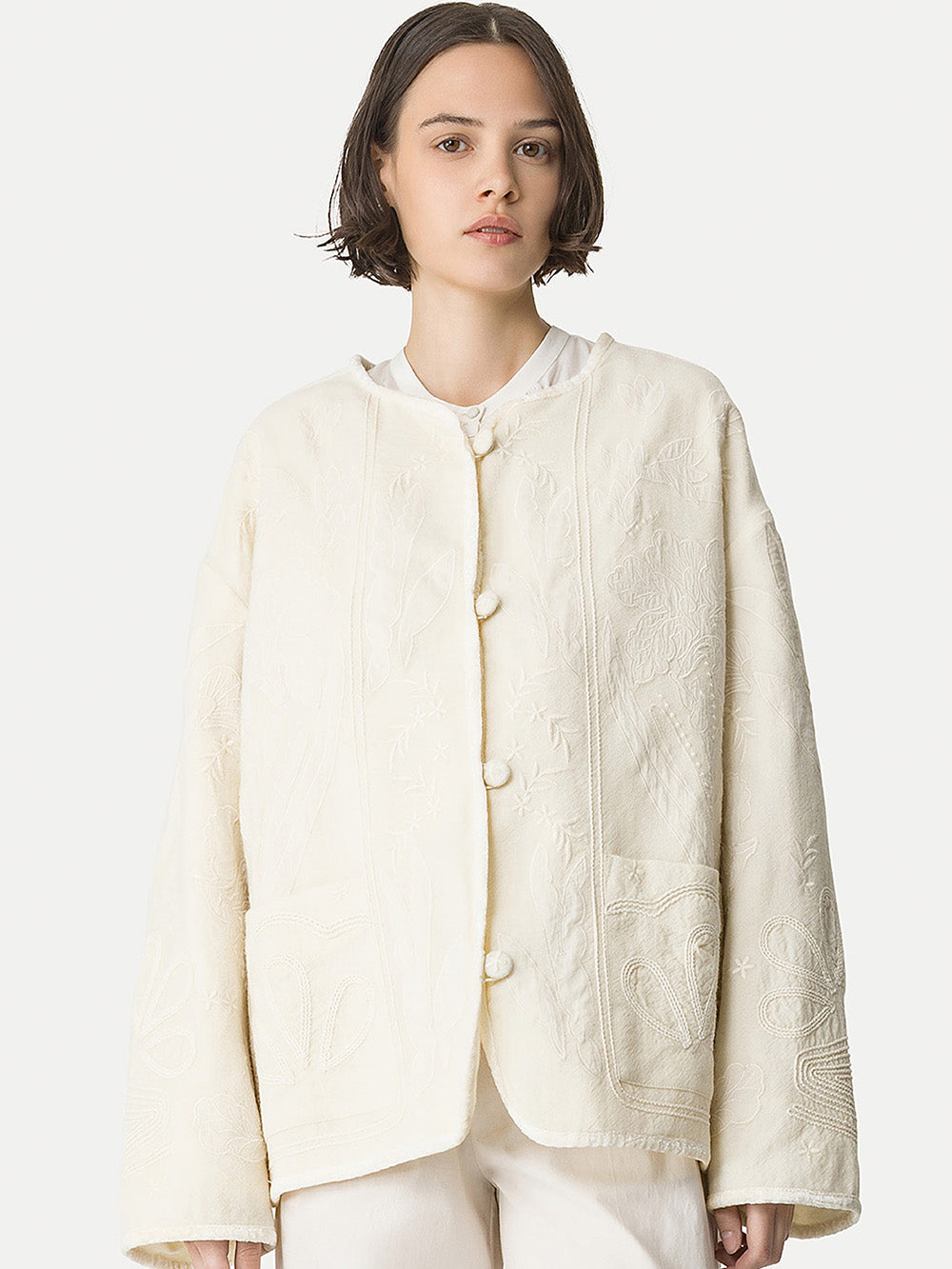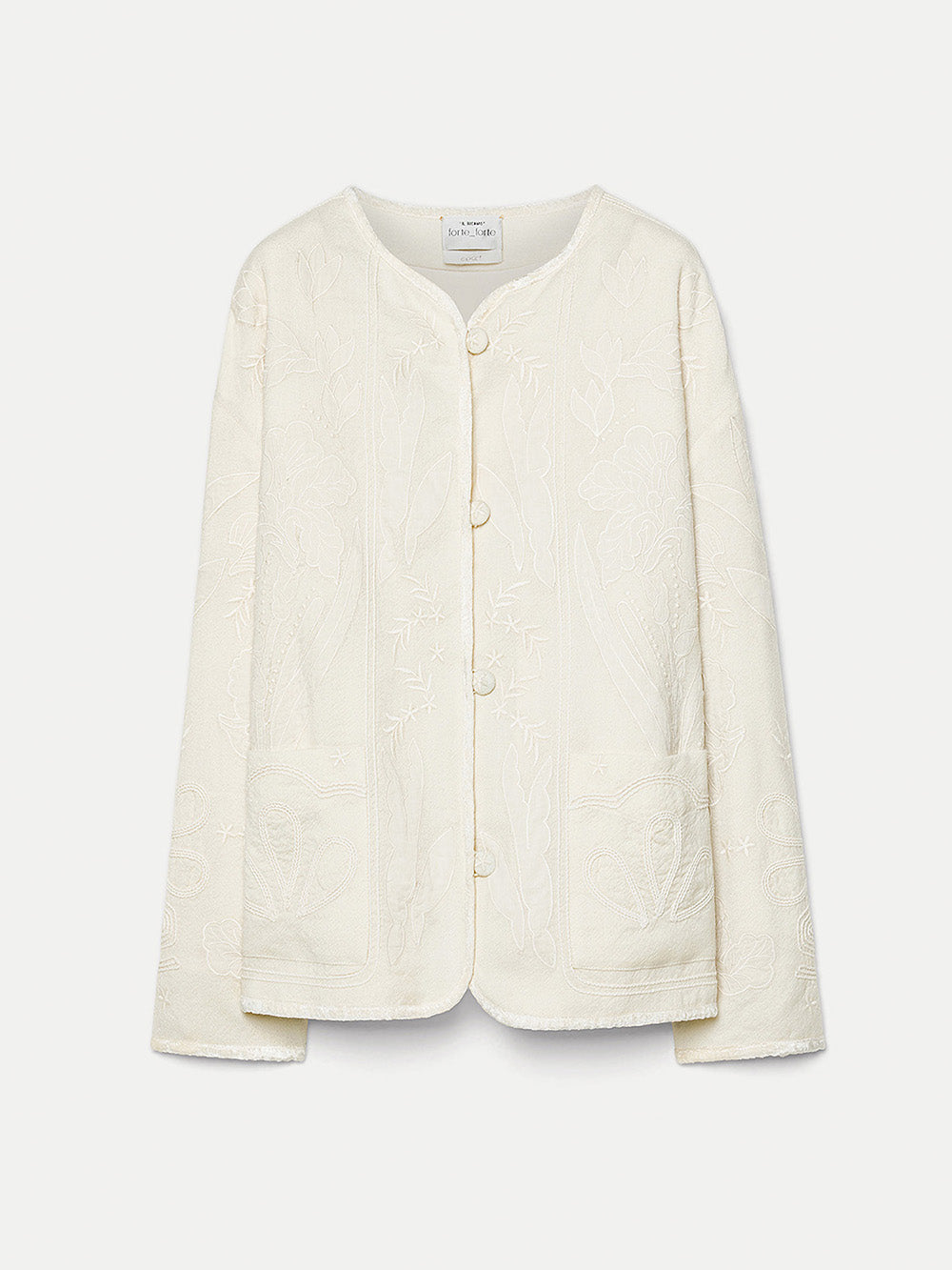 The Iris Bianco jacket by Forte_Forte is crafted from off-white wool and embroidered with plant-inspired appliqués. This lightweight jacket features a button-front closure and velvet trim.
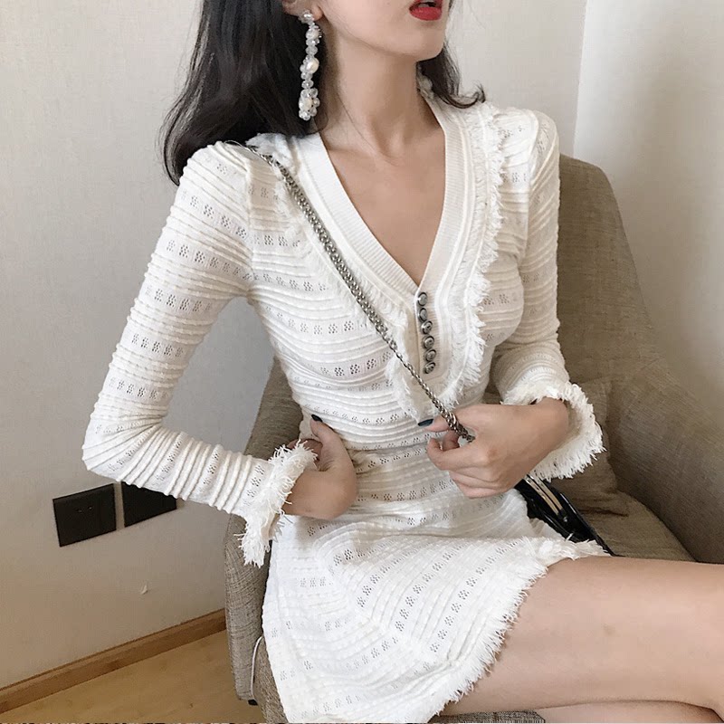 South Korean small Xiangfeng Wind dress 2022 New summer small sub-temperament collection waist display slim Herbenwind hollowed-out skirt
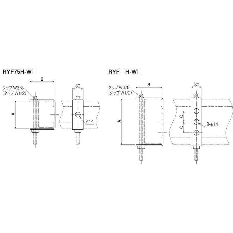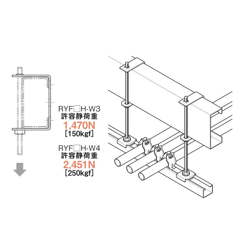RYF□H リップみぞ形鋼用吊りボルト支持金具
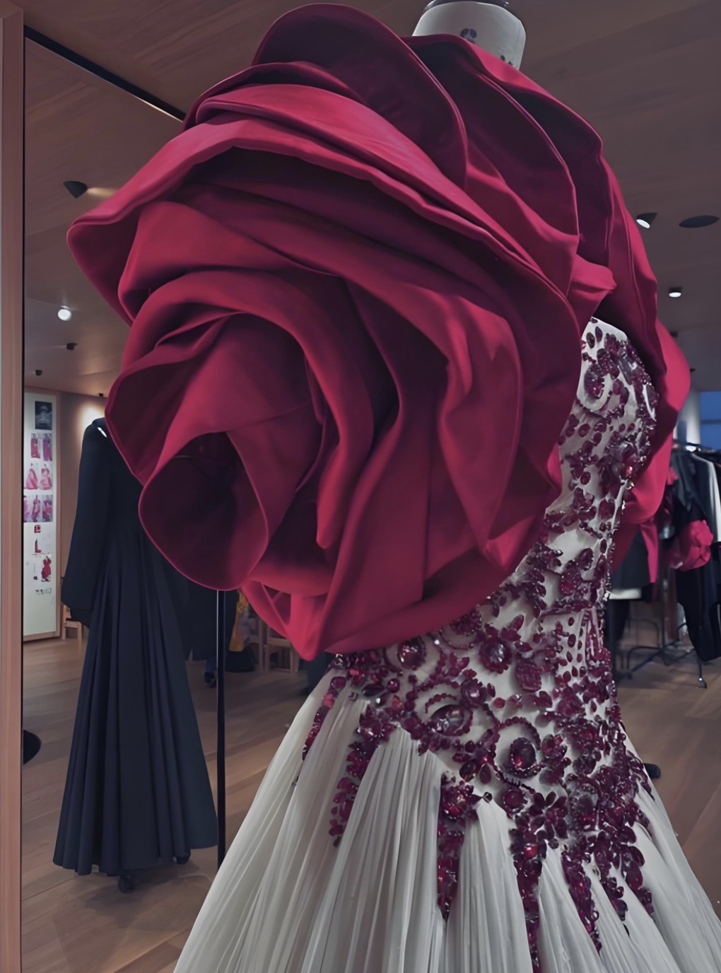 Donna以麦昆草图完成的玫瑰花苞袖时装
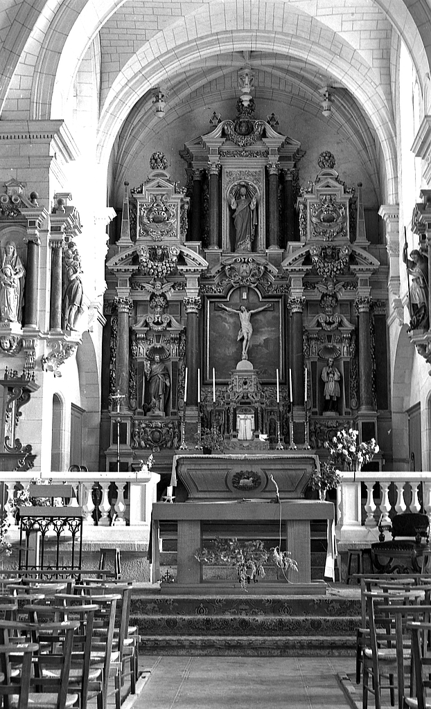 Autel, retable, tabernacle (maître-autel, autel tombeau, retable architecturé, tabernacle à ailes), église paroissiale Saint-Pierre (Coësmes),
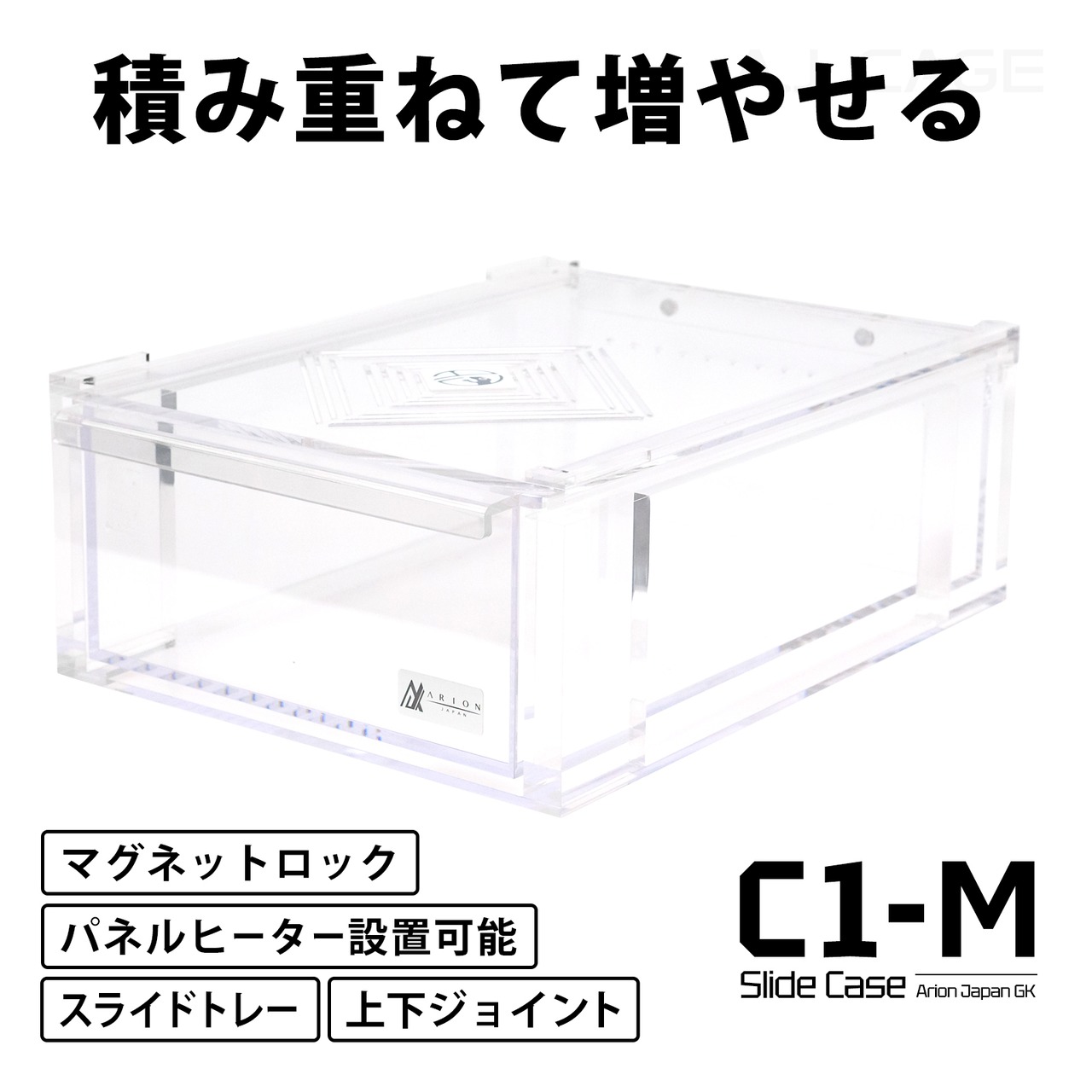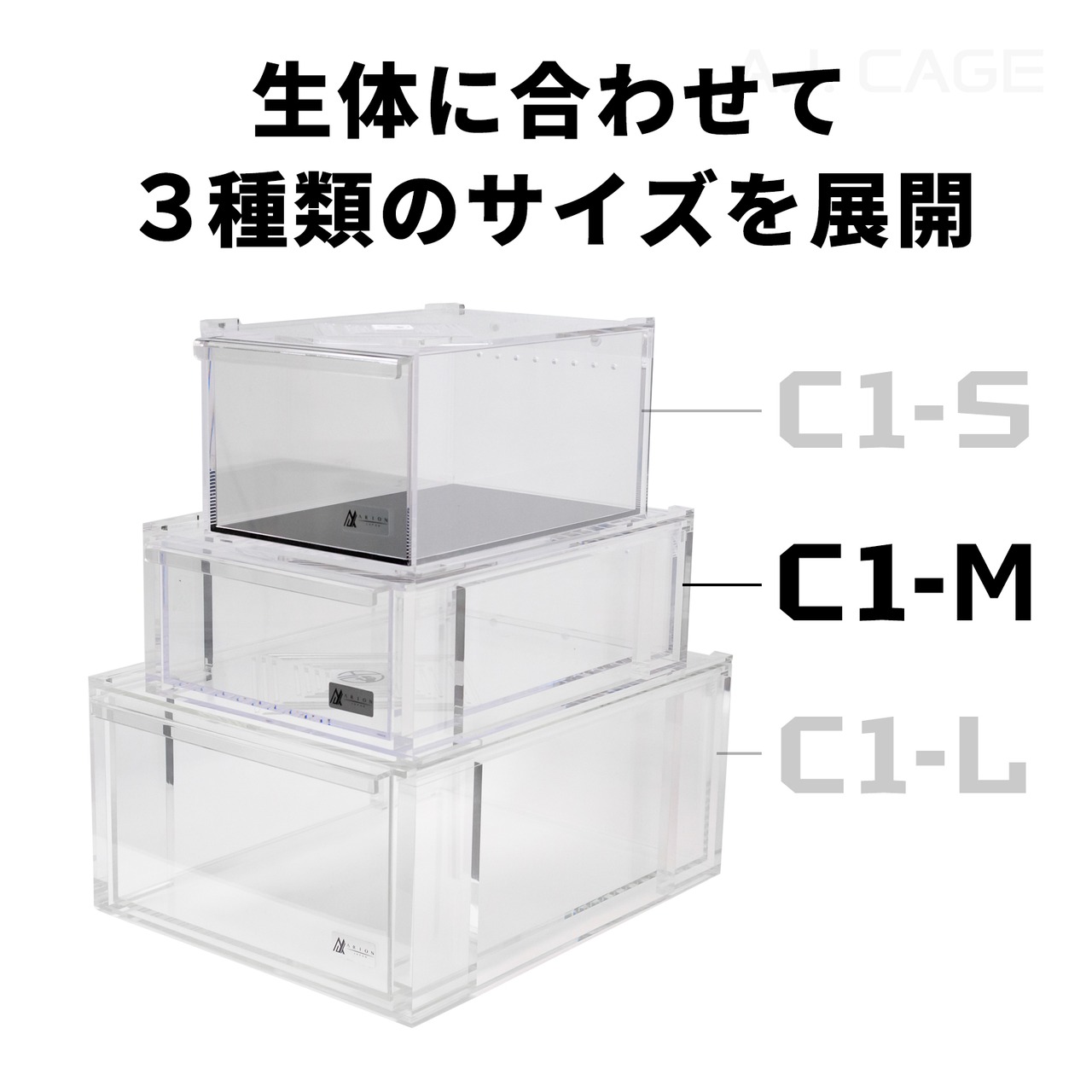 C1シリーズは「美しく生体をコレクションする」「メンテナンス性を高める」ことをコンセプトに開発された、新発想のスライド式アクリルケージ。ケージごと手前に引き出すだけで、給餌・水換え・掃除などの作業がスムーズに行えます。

Task description: Line for line, retype the material exactly, omitting any pictures.

Answer to this problem:
 The Iris Bianco jacket by Forte_Forte is crafted from off-white wool and embroidered with plant-inspired appliqués. This lightweight jacket features a button-front closure and velvet trim.
 South Korean small Xiangfeng Wind dress 2022 New summer small sub-temperament collection waist display slim Herbenwind hollowed-out skirt
RYF□H リップみぞ形鋼用吊りボルト支持金具
 Donna以麦昆草图完成的玫瑰花苞袖时装
 Autel, retable, tabernacle (maître-autel, autel tombeau, retable architecturé, tabernacle à ailes), église paroissiale Saint-Pierre (Coësmes),
 C1シリーズは「美しく生体をコレクションする」「メンテナンス性を高める」ことをコンセプトに開発された、新発想のスライド式アクリルケージ。ケージごと手前に引き出すだけで、給餌・水換え・掃除などの作業がスムーズに行えます。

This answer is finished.